▶ _PROBLEM TO WORK ON_:
Leave every picture out, and give again exactly the lines from the one containing "Крісло було виготовлено" through the end of the listing.

▶ _RECORDED INFORMATION_:
================================

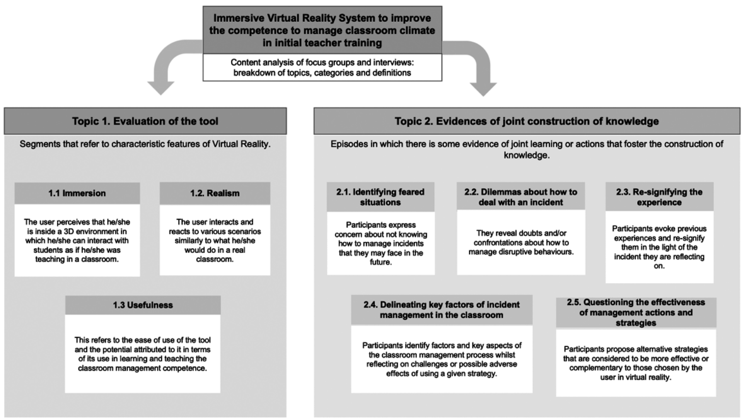 The answer to this second question is constructed based on the topics that emerged in the analysis of the focus groups (FG) involving students from eight degree specialisations of the Master’s degree (identified by numbers in the quotations) and the interviews (I) with the students who experimented in the IVRE. Thus, in this section, we first show evidence on the assessment of the potential of IVRE to promote the learning of the classroom climate management competence, and then provide evidence on how joint reflection on practice in IVRE promotes the learning of this competence.
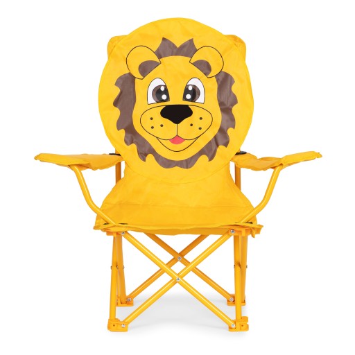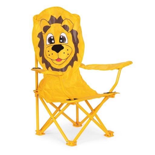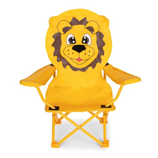 Крісло було виготовлено з урахуванням міцності та безпеки дітей. Його каркас виготовлений з міцних сталевих труб, що забезпечує належну стійкість і довговічність.Помаранчева обкладинка з малюнком лева приверне увагу і привабить кожну дитину. Покриття виготовлено з поліестеру (600D) з додатковим покриттям поліуретаном, стійким до дощу та сонця. Завдяки цьому крісло прослужить багато сезонів і швидко стане вашим улюбленим місцем для сидіння.
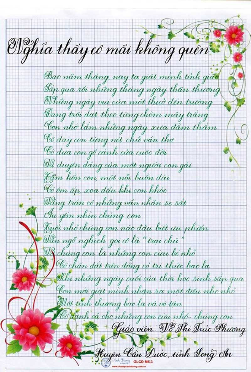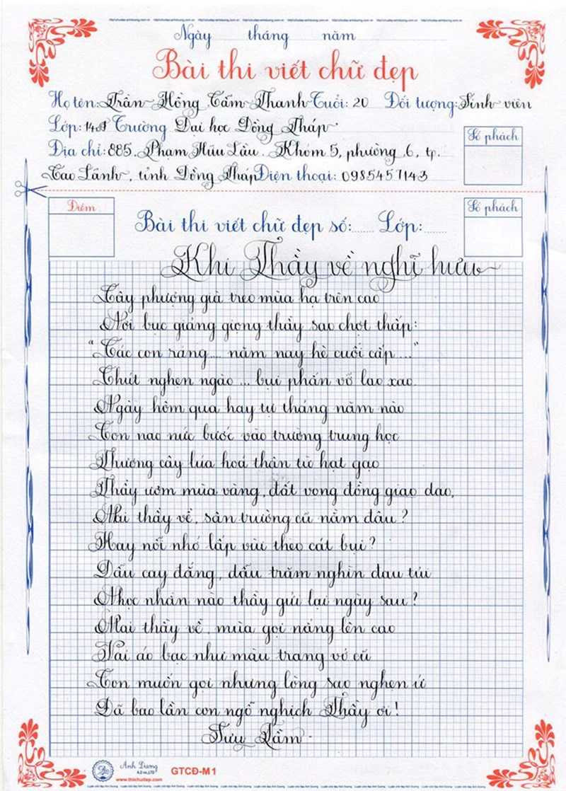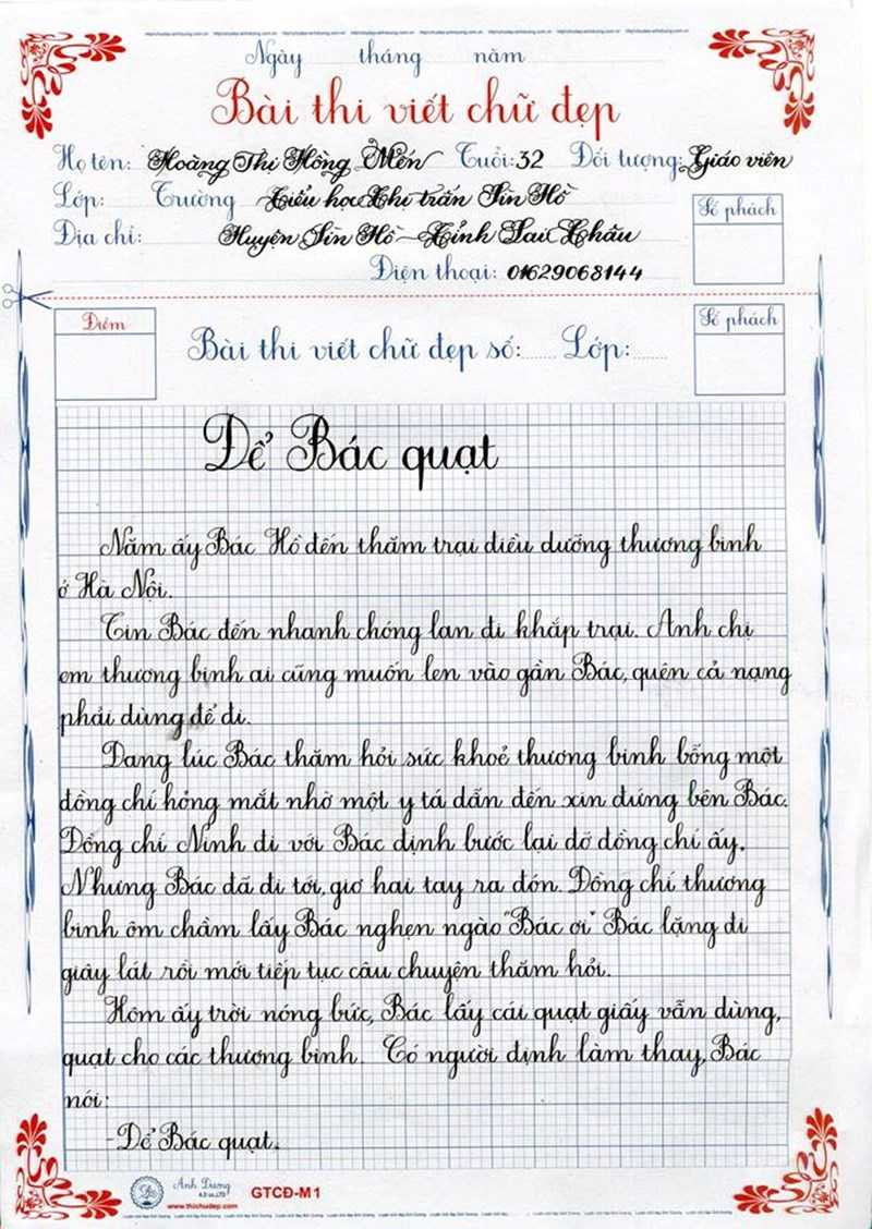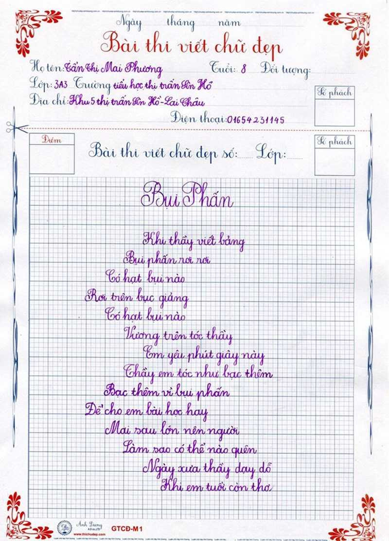 Các bài thi viết chữ đẹp sau đây được sưu tầm từ các cuộc thi viết chữ đẹp các cấp và cuộc thi “Viết chữ đẹp lần 2- do Group Nét Chữ Việt tổ chức”, “Viết chữ đẹp online”.

================================

▶ _TASK RESPONSE_:
 Крісло було виготовлено з урахуванням міцності та безпеки дітей. Його каркас виготовлений з міцних сталевих труб, що забезпечує належну стійкість і довговічність.Помаранчева обкладинка з малюнком лева приверне увагу і привабить кожну дитину. Покриття виготовлено з поліестеру (600D) з додатковим покриттям поліуретаном, стійким до дощу та сонця. Завдяки цьому крісло прослужить багато сезонів і швидко стане вашим улюбленим місцем для сидіння.
 Các bài thi viết chữ đẹp sau đây được sưu tầm từ các cuộc thi viết chữ đẹp các cấp và cuộc thi “Viết chữ đẹp lần 2- do Group Nét Chữ Việt tổ chức”, “Viết chữ đẹp online”.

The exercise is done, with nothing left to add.